Most parents can rest assured that Vernacchio won’t be lecturing their kids anytime soon. Friends’ Central is a private school, run by those draft-dodging pantywaists, the Quakers. But some sex educators are lobbying to reinvent public-school curricula in such a way as will give prominence to the question of pleasure. Last November, Paul Johannides, author of The Guide to Getting it On, advised guests at a sex educators’ conference: “Porn is the model for today’s middle-school and high-school students…And none of us is offering an alternative that’s even remotely appealing.”

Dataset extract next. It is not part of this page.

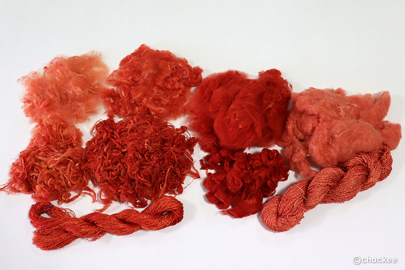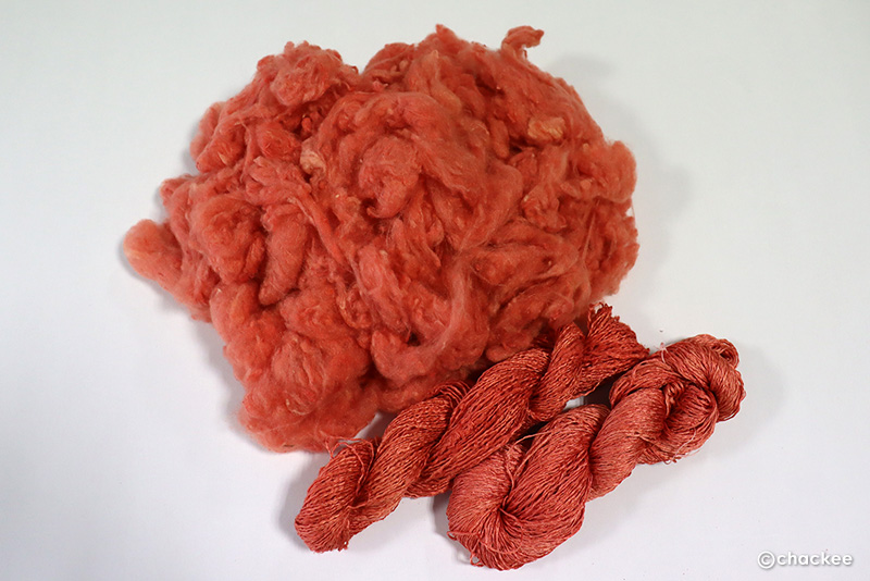 繭(マユ)の毛羽(ケバ)の『インド茜の根』染め

The idea of middle-aged teachers trying to compete with porn stars on their own turf sounds, well…jarring, at best. Their goal is relevance. In Johannides’ words: “We’re worrying about which bathrooms transgender students should use while teens are worrying whether they should shave all the way or leave a landing strip…They’re worrying if someone special will find them sexually attractive, whether they will be able to do it as well as porn, whether others have the same kind of sexual feelings they do.”

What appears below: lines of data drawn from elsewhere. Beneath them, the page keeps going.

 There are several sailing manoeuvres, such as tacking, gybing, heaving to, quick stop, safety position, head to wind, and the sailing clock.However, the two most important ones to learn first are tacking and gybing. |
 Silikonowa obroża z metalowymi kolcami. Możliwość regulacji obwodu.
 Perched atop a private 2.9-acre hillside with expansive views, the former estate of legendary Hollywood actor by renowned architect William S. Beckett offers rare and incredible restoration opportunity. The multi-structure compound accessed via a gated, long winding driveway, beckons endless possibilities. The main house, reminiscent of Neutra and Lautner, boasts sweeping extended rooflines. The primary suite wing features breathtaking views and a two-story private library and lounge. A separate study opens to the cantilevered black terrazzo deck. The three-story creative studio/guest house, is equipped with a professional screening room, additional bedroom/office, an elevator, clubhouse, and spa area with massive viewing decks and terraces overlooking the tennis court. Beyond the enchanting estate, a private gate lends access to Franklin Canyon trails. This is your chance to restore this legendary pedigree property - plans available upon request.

As goals go, “relevance” is pretty hard to define objectively, and for that reason pretty easy to overlook if missed — more so, anyway, than preventing teen pregnancy and STDs. Nobody quoted in the Times article predicts with any confidence that if kids pay more attention in class because the teacher responds frankly and non-judgmentally to their questions about X, then they’ll take him more seriously when he lectures them on the dangers of Y. The worst-case scenario that justifies the pleasure-based curricula, that porn will teach kids bad lovemaking habits that they’ll need a lifetime to unlearn, sounds a bit by the way, not to mention farfetched. Judging by the titles in Barnes & Noble alone, continuing adult sex ed is a growing industry. Why strangle it, as it were, in its crib?

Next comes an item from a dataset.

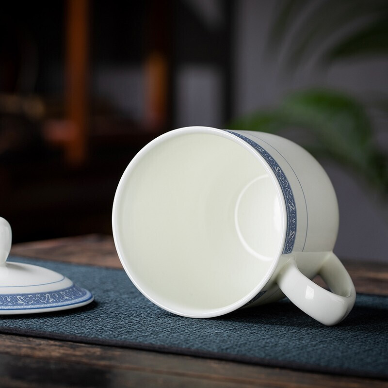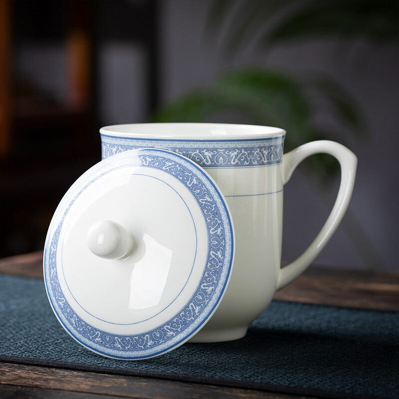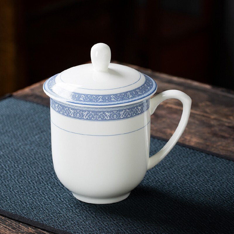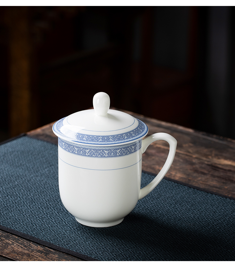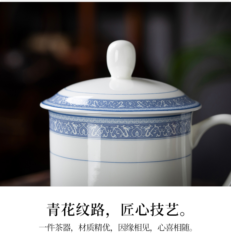 陶相惠 茶杯 陶瓷带盖办公杯骨瓷盖杯会议杯青花家用水杯酒店开会杯子 青花会议杯-团龙/个

In horse races with clearly defined markers, abstinence-only programs have shown some evidence of effectiveness. According to a National Institute of Mental Health study published last year, a sample of 662 African-American middle-schoolers, aged 10 to 15, was divided into four groups. Members of the group that learned sex ed through a two-year program stressing abstinence reported having had sex at significantly lower rates than any of the others. Researchers obtained their data through students’ self-reporting, so the possibility remains that abstinence-only programs simply teach kids to be sneaks. Still, if Florence King was right when she wrote that hypocrisy is a synonym for civilization, that might not be a bad start.